Subject: Re: ISO9001
From: Smokey L Bare <slbare -at- JUNO -dot- COM>
Date: Fri, 3 Apr 1998 13:06:20 -0500

Jon Leer

I am curious, has anybody on the list gotten ISO certified? Would there
be
any direct benefit for a writer to get certified? (I know large companies
do this, but could a contract writer's reception be better if certified?)

......

Jon,

There is no 'certified' status in North America. You are either
'compliant' or 'registered'. Most firms elect to become compliant (due
to high audit costs). For those companies who wish to do business with
ISO Registered Corporations, they precede on to become registered.

It is documenting processes, not people. Ralph Robinson has a wonderful
book out for ISO on documentation guidelines.
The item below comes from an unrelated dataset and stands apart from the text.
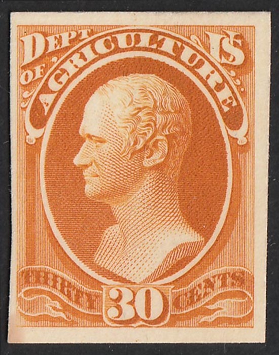 Agriculture 30c yellow plate proofs on card, imperf, in issued colour. VF UN as made, 4 margins. SG O188(p) cat £550 as normal. Sc O9PU cat US$10 (normal cat US$550).

It is a very strong
QA-type of writing. [r2innovations -at- myna -dot- com] -dot- Every town which hosts
major corporations usually has a local branch of ASQC, and they can
assist you.

You may wish to watch referring to being 'certified', I have learned from
working with various project managers that they will close out writers
for ISO projects because the writer doesn't really know the concept of
ISO.

Consulting firms are being very knowledgeable lately in regard to the
9003 for services. So...they become compliant in order to become
eligible to be on a vendors' list. The company I am with is compliant.
Writers document the processes, and then a company has the choice of
meeting (complying with) the regs (internal audit) or call an outside
source in for an audit (Coopers Lybrand, Ernst & Young). This is new for
the service providers (computer consultants, management consultants, and
so on).
One large national business management firm, who specializes in
deployment and development, ran an ad in our local paper that they were
certified (hoping to be the first in the area). It backfired in their
face. Editorials were done by those who were compliant, warning managers
to be careful who they hire as ISO was being the 'buzz' word with trade
lately. In this case, ignorance was not bliss. The company lost two
major banks over it.

So I pass this experience I've learned on to you. You would be surprised
the number of people who don't understand and mix up QA with QC. Check
with your management directs to see which way they are going. I am sure
they would appreciate reviewing your ASQC material as well.

I also feel Ralph's outline-style of writing will offer you a quick
reference approach to a very organized checklist.